The arrival of digital cinema has the potential to reshuffle the deck in the exhibition and distribution businesses more than any innovation in years, perhaps in the entire history of the film business.
That has the industry’s big players diversifying to get into the digital game and hold onto their long-established relationships, while companies from the high-tech world look to leverage their skills into the entertainment business.
The biggest change will probably come in exhibition. Since there will be no prints to rent, per se, it will be much easier to assign extra screenings to a hit, and drop screenings of a flop. “This is new for everybody, but the players are pretty similar across the board,” says Scott Spector, digital cinema VP for projector maker Barco. He points to NEC, Christie, Sony and his own company as examples of established industry players moving into digital cinema projection.

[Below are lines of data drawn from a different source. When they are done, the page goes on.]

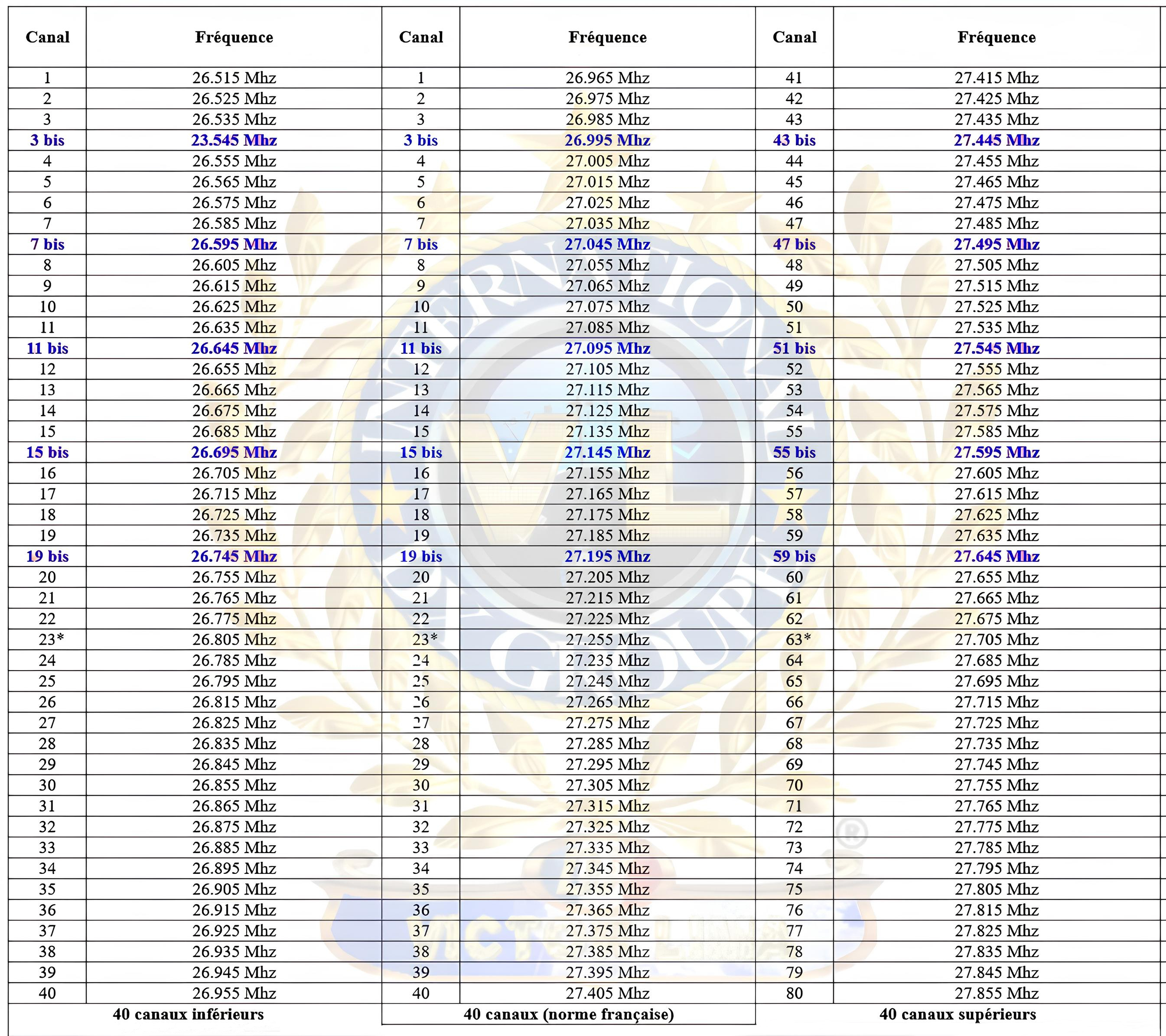 * Les canaux homologués en France vont de 26,965 à 27,405 MHz avec une puissance maximum de 4 W en FM et BLU, 1 W en AM.
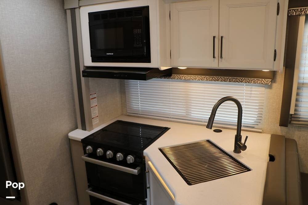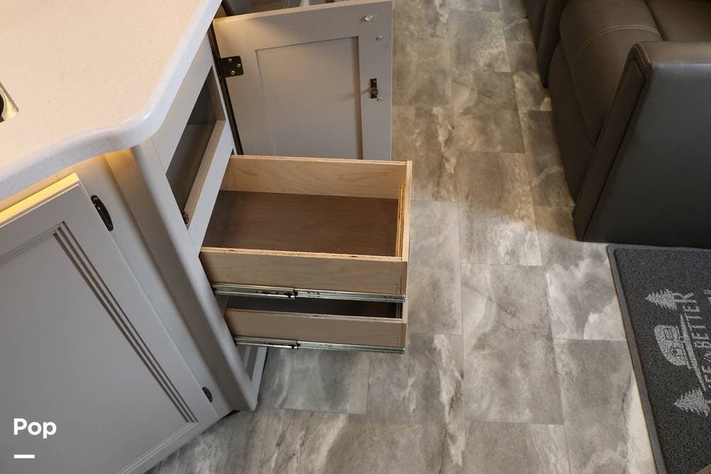 The layout is open and inviting, featuring a large slide-out that opens the living and galley areas. The rear queen bed is a pedestal bed that is accessible at any time, so someone can enjoy a nap while driving down the road.
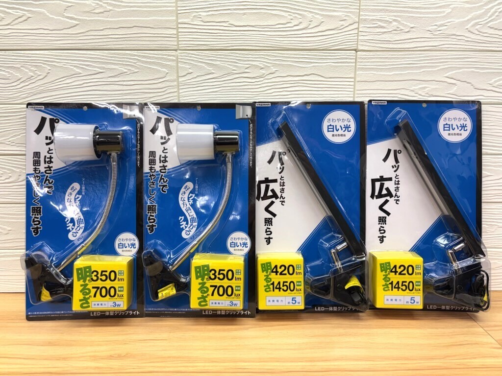- A389 新品 YAZAWA ヤザワ 4点セット パッとはさんで広く照らす LED一体型 昼光色 フレキシブルクリップライト&スクエアタイプ
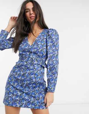 Stradivarius - Robe à fleurs avec ceinture - Bleu | ASOS

Moreover, digital projection offers a paradigm shift for theater owners. A movie projector is pretty much built to do one thing: project movies. But a digital projection system is like a bigscreen projection TV; it can show the latest hit movie, but it can also show a teleconference, a business presentation, Olympic figure skating or the Rolling Stones live at the Rose Bowl — anything that can be transmitted digitally. Theaters gain access to a new revenue stream during the business day, and new revenue streams often lure new investors.
Various pieces of the digital cinema puzzle have been coming for years, but now, with the Digital Cinema Initiatives recommendations in place, the technology may be taking off.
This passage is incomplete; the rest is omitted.